EXCERPTED RECORDS:
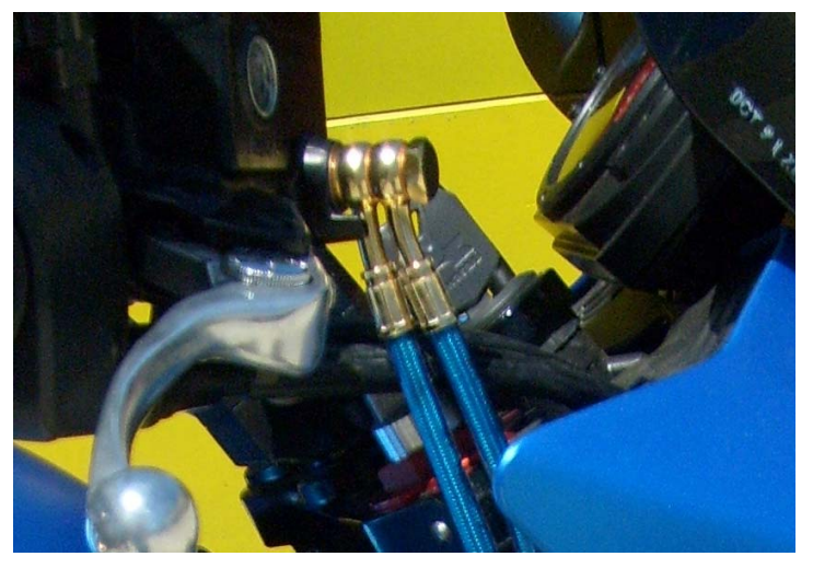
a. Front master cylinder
--
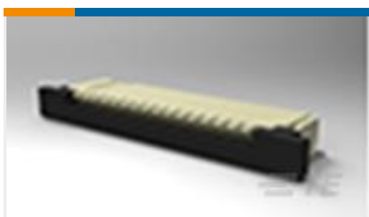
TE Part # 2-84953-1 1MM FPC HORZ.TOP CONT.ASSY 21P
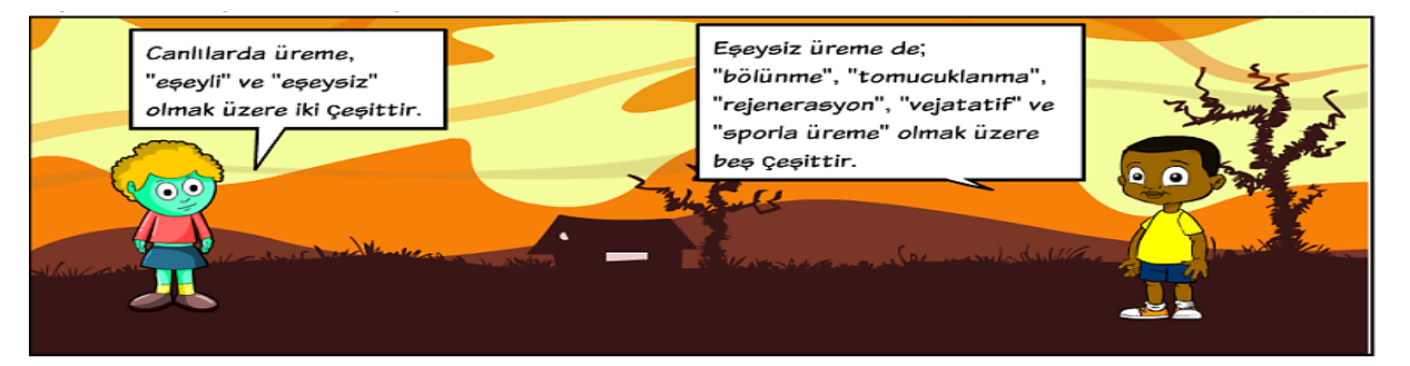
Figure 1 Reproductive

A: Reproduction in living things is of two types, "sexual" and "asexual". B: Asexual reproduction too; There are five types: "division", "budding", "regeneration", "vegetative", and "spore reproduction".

ABOUT THIS TASK:
Going back to the entries above, set down exactly the lines that begin at the one with "Figure 1 Reproductive" and end at the one with "A: Reproduction in", both included, and nothing else.

RESULT:
Figure 1 Reproductive

A: Reproduction in living things is of two types, "sexual" and "asexual". B: Asexual reproduction too; There are five types: "division", "budding", "regeneration", "vegetative", and "spore reproduction".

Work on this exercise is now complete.